_Your assignment_
The data below should be transcribed in full, with no picture included.

_Data excerpt_
------------------------------------------------------------------------
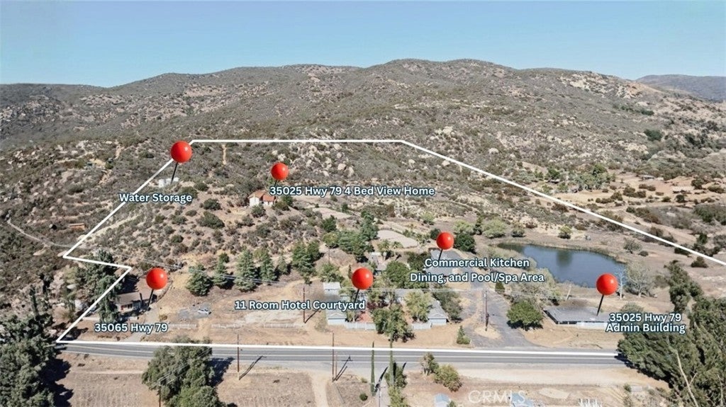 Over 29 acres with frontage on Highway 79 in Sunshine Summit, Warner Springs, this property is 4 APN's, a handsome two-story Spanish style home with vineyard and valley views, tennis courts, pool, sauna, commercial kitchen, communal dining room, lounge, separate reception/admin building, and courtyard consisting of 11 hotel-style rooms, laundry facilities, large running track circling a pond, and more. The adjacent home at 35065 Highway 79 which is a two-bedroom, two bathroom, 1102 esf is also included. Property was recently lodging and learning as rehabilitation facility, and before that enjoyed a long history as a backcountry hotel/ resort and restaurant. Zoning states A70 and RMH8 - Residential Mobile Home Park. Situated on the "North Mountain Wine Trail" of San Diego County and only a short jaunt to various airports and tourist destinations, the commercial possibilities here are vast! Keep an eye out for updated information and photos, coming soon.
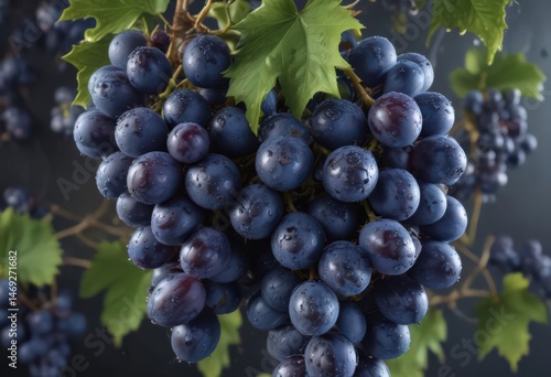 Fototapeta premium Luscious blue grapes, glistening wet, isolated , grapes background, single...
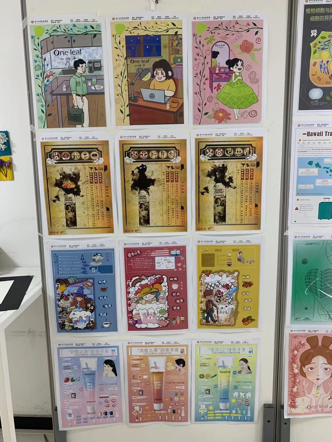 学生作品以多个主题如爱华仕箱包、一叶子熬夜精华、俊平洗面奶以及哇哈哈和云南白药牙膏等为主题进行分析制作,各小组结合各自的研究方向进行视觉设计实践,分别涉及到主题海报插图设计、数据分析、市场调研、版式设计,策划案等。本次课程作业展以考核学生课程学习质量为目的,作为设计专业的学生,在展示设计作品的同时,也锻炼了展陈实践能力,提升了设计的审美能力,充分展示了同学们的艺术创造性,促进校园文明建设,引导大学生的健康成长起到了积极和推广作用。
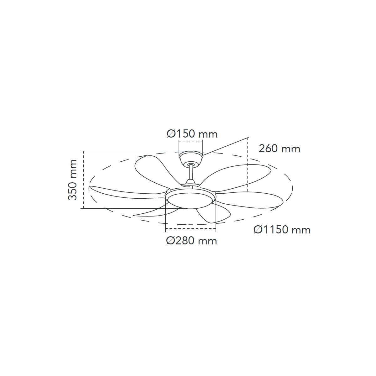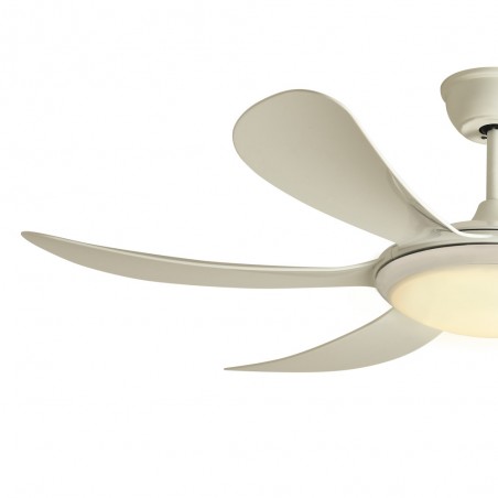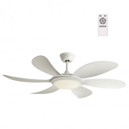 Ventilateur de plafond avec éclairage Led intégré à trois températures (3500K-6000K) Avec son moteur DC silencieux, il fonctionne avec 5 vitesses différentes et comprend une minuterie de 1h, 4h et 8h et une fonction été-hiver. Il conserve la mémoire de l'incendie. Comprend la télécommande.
------------------------------------------------------------------------
_Result below_
 Over 29 acres with frontage on Highway 79 in Sunshine Summit, Warner Springs, this property is 4 APN's, a handsome two-story Spanish style home with vineyard and valley views, tennis courts, pool, sauna, commercial kitchen, communal dining room, lounge, separate reception/admin building, and courtyard consisting of 11 hotel-style rooms, laundry facilities, large running track circling a pond, and more. The adjacent home at 35065 Highway 79 which is a two-bedroom, two bathroom, 1102 esf is also included. Property was recently lodging and learning as rehabilitation facility, and before that enjoyed a long history as a backcountry hotel/ resort and restaurant. Zoning states A70 and RMH8 - Residential Mobile Home Park. Situated on the "North Mountain Wine Trail" of San Diego County and only a short jaunt to various airports and tourist destinations, the commercial possibilities here are vast! Keep an eye out for updated information and photos, coming soon.
 Fototapeta premium Luscious blue grapes, glistening wet, isolated , grapes background, single...
 学生作品以多个主题如爱华仕箱包、一叶子熬夜精华、俊平洗面奶以及哇哈哈和云南白药牙膏等为主题进行分析制作,各小组结合各自的研究方向进行视觉设计实践,分别涉及到主题海报插图设计、数据分析、市场调研、版式设计,策划案等。本次课程作业展以考核学生课程学习质量为目的,作为设计专业的学生,在展示设计作品的同时,也锻炼了展陈实践能力,提升了设计的审美能力,充分展示了同学们的艺术创造性,促进校园文明建设,引导大学生的健康成长起到了积极和推广作用。
 Ventilateur de plafond avec éclairage Led intégré à trois températures (3500K-6000K) Avec son moteur DC silencieux, il fonctionne avec 5 vitesses différentes et comprend une minuterie de 1h, 4h et 8h et une fonction été-hiver. Il conserve la mémoire de l'incendie. Comprend la télécommande.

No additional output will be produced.